• [RECORDS FOR THIS EXERCISE]:

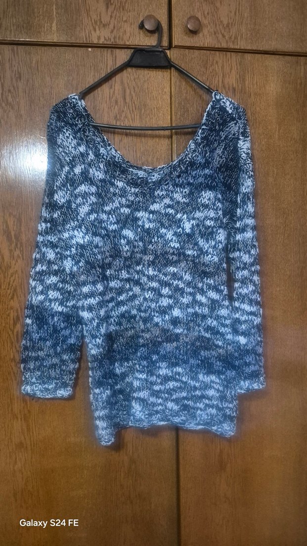 Gri renkte, V yaka ve uzun kollu triko el örgüsü kadın kazak. Bol kesim ve midi boyda, rahat ve şık bir görünüm sunar.
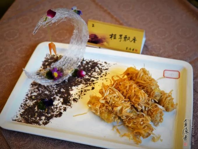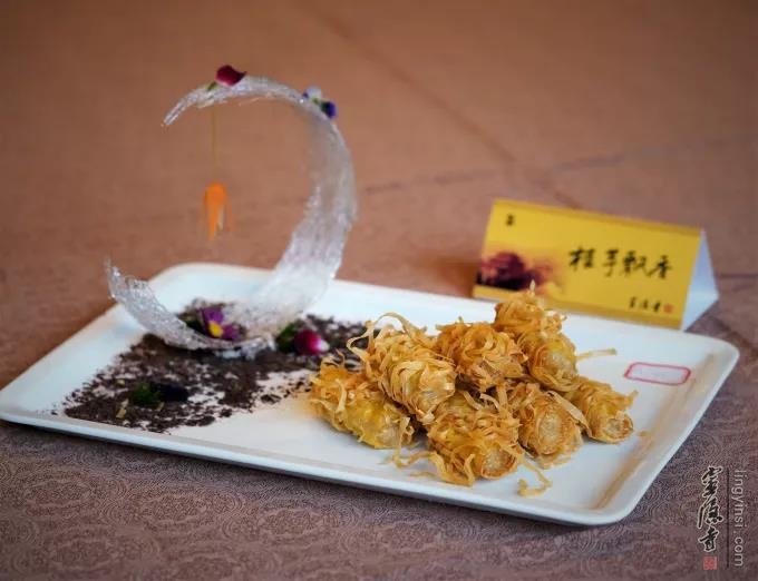 马兰头清洗干净过水捞出备用。笋丝、香干切丝过油和马兰头拌一起,用油豆皮包好卷起,卷上手工面过油炸金黄,捞出控油,装盘即可。
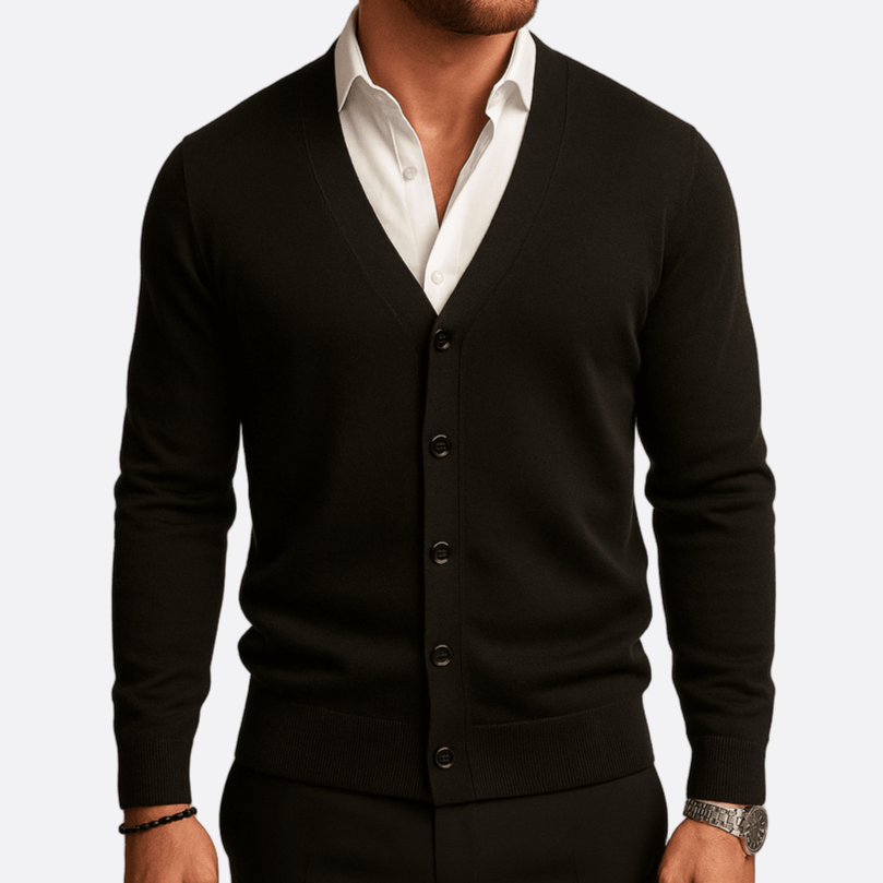Męska - Kardigan - Dekolt w szpic - Ściągacze przy rękawach - Stylowy i komfortowy
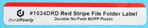 #1034DRD, 9/16 x 3-7/16" Red Stripe BOPP Plastic DuraReady File Label, 265 per roll, Compatible with a wide range of non-proprietary label printers, including Zebra compatibles and Dymo Labelwriter 450
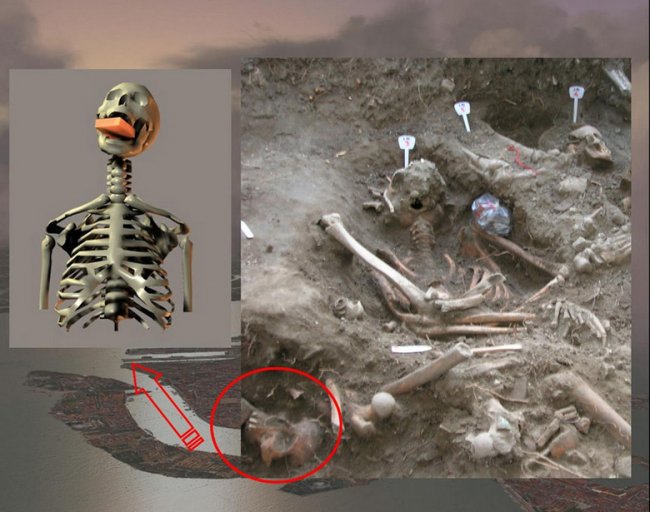 Скелет с отрубленной головой в ногах на древнем «кладбище вампиров» в польском городе Гливице
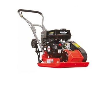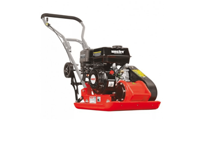 Vibro plokštė (grunto tankintojas) su patogiais transportavimo ratukais ir guminiu padu.
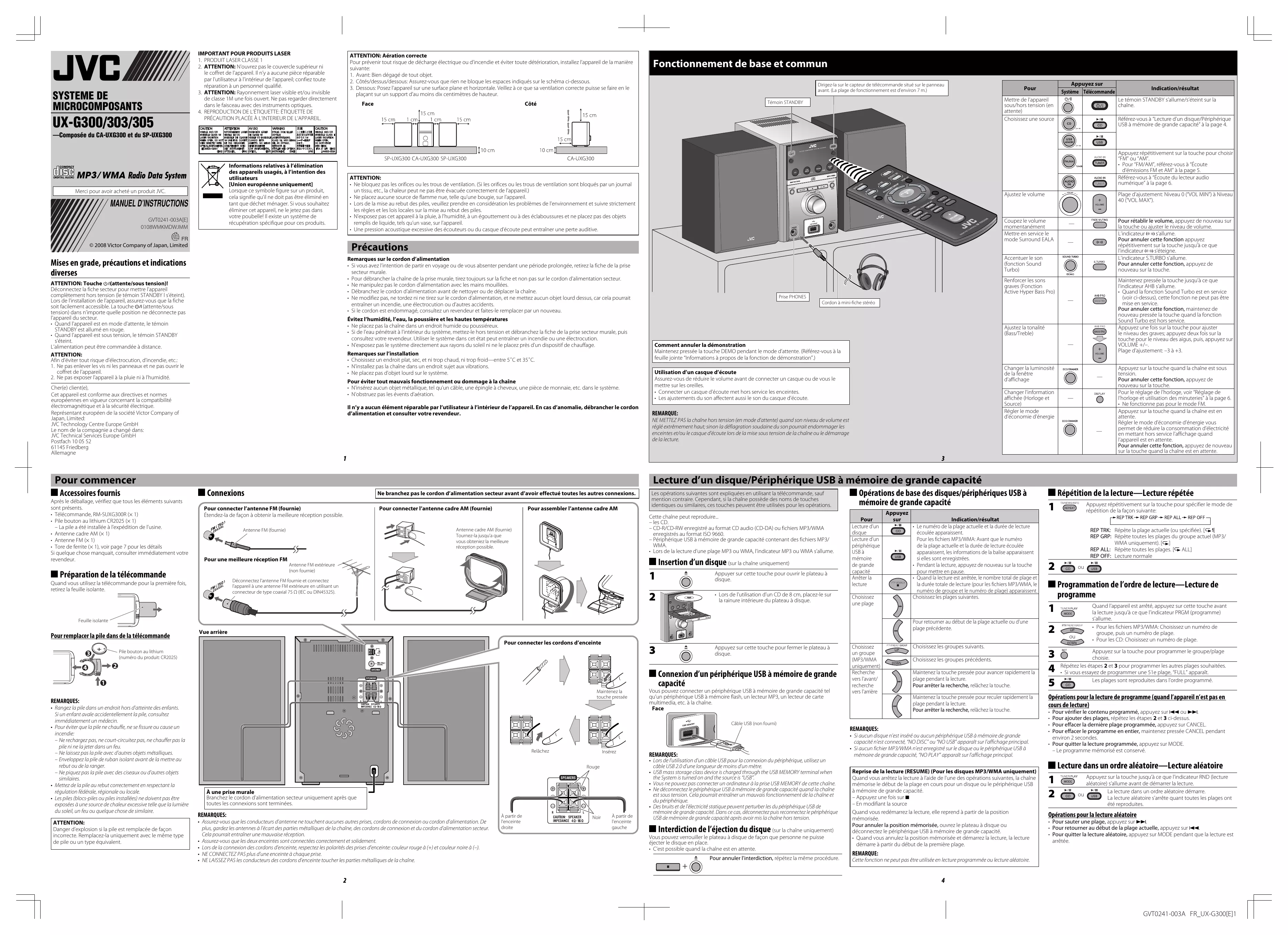 UX-G6303E - Système audio JVC - Notice d'utilisation et mode d'emploi gratuit
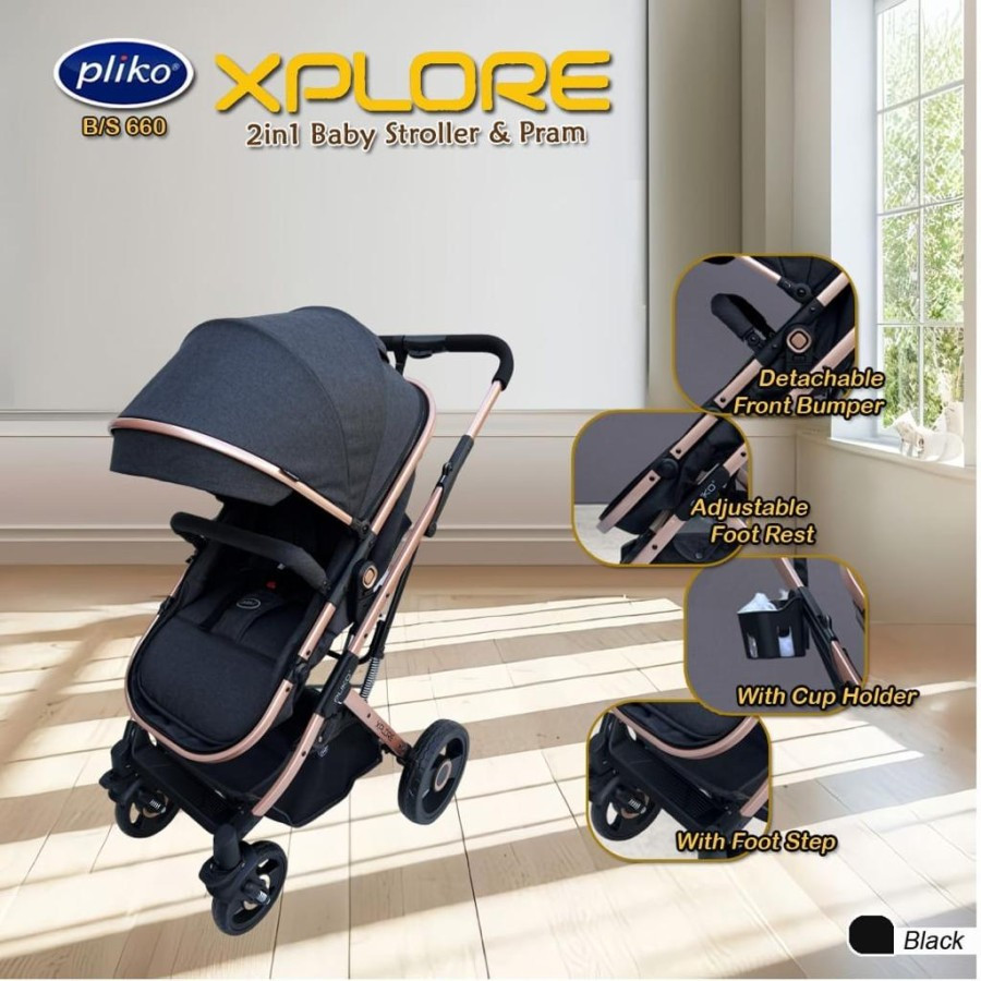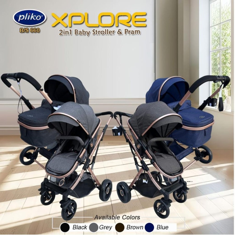 Pliko Xplore Explore BS-660, solusi all-in-one untuk kebutuhan mobilitas Anda dan si kecil. Dengan desain yang dapat digunakan sebagai stroller atau pram, produk ini dilengkapi dengan fitur-fitur unggulan:
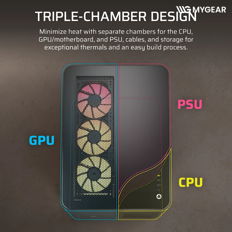 Điểm nổi bật nhất của vỏ case Corsair AIR 5400 RS-R chính là thiết kế triple chamber case với ba khoang độc lập dành cho mainboard GPU, PSU ổ cứng và hệ thống làm mát. Cách bố trí giúp luồng khí lưu thông hiệu quả hơn, giảm nhiệt chéo giữa các linh kiện và mang lại không gian lắp đặt cực kỳ thoáng đãng. Thiết kế triple chamber cũng giúp reverse connector case phát huy tối đa lợi thế khi toàn bộ dây cáp được giấu gọn phía sau, mang lại vẻ ngoài sạch sẽ và chuyên nghiệp.
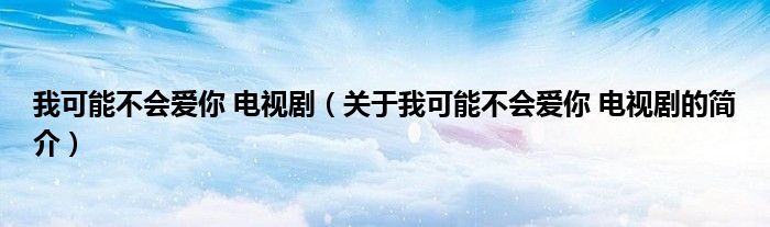 大家好,我可能不會愛你 電視劇,關(guān)于我可能不會愛你 電視劇的簡介很多人還不知道,現(xiàn)在讓我們一起來看看吧!
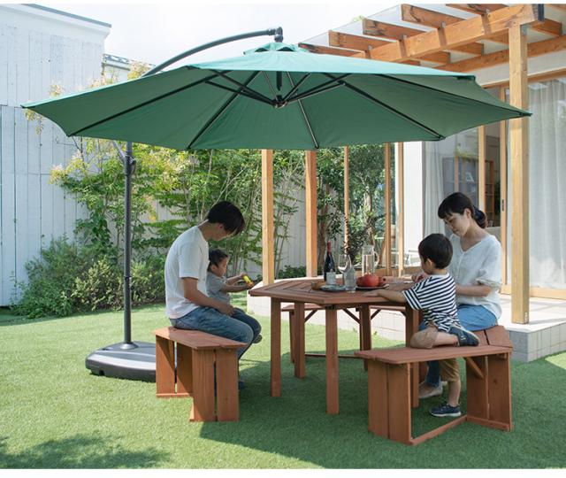 ・パラソル用ホールがテーブルに空いているので、パラソルも付けて使用できます。
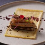 フォアグラと鰻をメインに紅玉のコンフィチュールにチョコレートのクラッカンをアクセントにしています
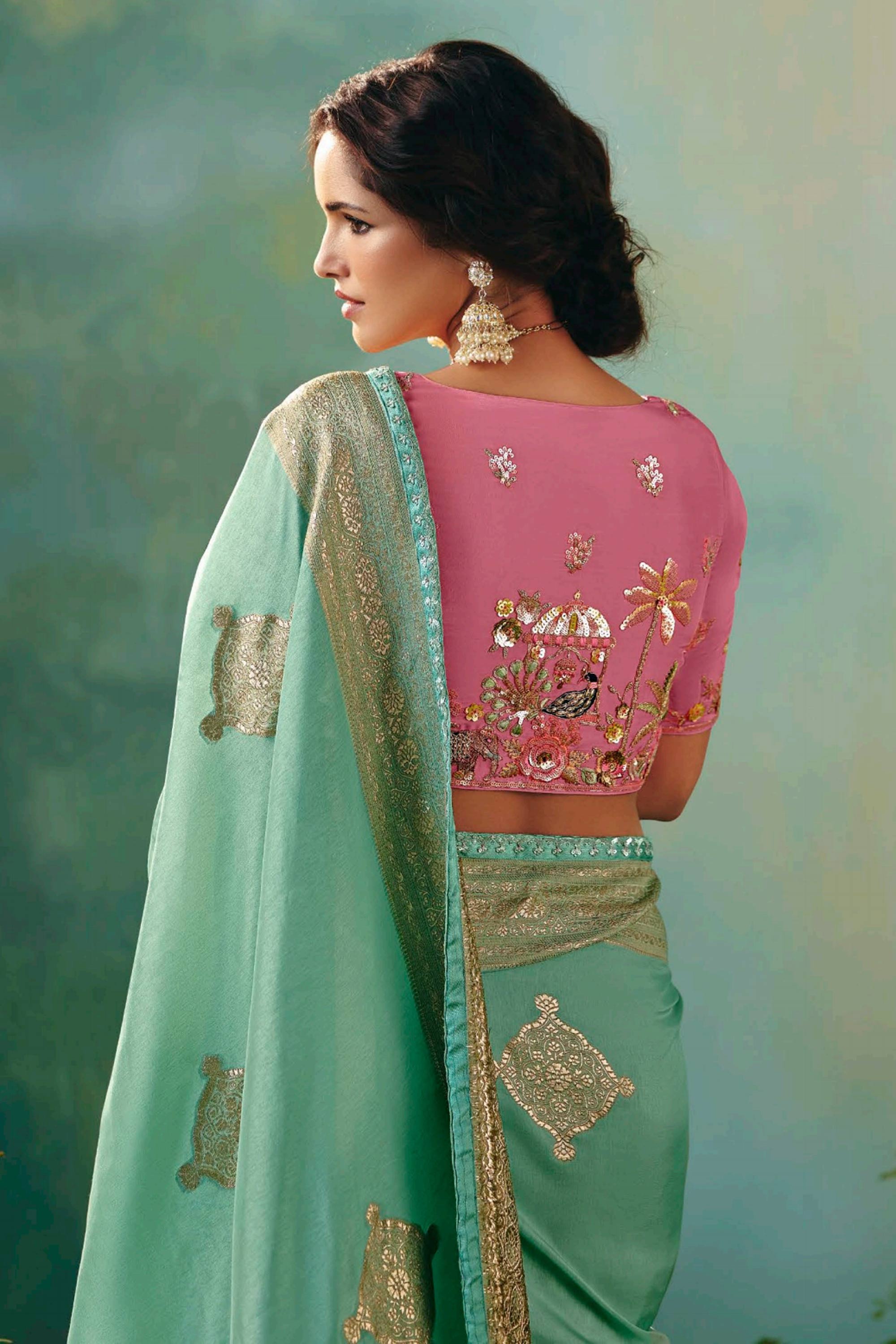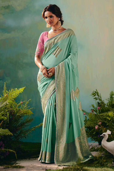 Viscose Silk Zari Border Work Saree In Sea Green Color

• [ABOUT THIS EXERCISE]:
Return every line of the data above exactly, and omit all pictures.

• [SOLUTION TO THIS TASK]:
 Gri renkte, V yaka ve uzun kollu triko el örgüsü kadın kazak. Bol kesim ve midi boyda, rahat ve şık bir görünüm sunar.
 马兰头清洗干净过水捞出备用。笋丝、香干切丝过油和马兰头拌一起,用油豆皮包好卷起,卷上手工面过油炸金黄,捞出控油,装盘即可。
Męska - Kardigan - Dekolt w szpic - Ściągacze przy rękawach - Stylowy i komfortowy
 #1034DRD, 9/16 x 3-7/16" Red Stripe BOPP Plastic DuraReady File Label, 265 per roll, Compatible with a wide range of non-proprietary label printers, including Zebra compatibles and Dymo Labelwriter 450
 Скелет с отрубленной головой в ногах на древнем «кладбище вампиров» в польском городе Гливице
 Vibro plokštė (grunto tankintojas) su patogiais transportavimo ratukais ir guminiu padu.
 UX-G6303E - Système audio JVC - Notice d'utilisation et mode d'emploi gratuit
 Pliko Xplore Explore BS-660, solusi all-in-one untuk kebutuhan mobilitas Anda dan si kecil. Dengan desain yang dapat digunakan sebagai stroller atau pram, produk ini dilengkapi dengan fitur-fitur unggulan:
 Điểm nổi bật nhất của vỏ case Corsair AIR 5400 RS-R chính là thiết kế triple chamber case với ba khoang độc lập dành cho mainboard GPU, PSU ổ cứng và hệ thống làm mát. Cách bố trí giúp luồng khí lưu thông hiệu quả hơn, giảm nhiệt chéo giữa các linh kiện và mang lại không gian lắp đặt cực kỳ thoáng đãng. Thiết kế triple chamber cũng giúp reverse connector case phát huy tối đa lợi thế khi toàn bộ dây cáp được giấu gọn phía sau, mang lại vẻ ngoài sạch sẽ và chuyên nghiệp.
 大家好,我可能不會愛你 電視劇,關(guān)于我可能不會愛你 電視劇的簡介很多人還不知道,現(xiàn)在讓我們一起來看看吧!
 ・パラソル用ホールがテーブルに空いているので、パラソルも付けて使用できます。
 フォアグラと鰻をメインに紅玉のコンフィチュールにチョコレートのクラッカンをアクセントにしています
 Viscose Silk Zari Border Work Saree In Sea Green Color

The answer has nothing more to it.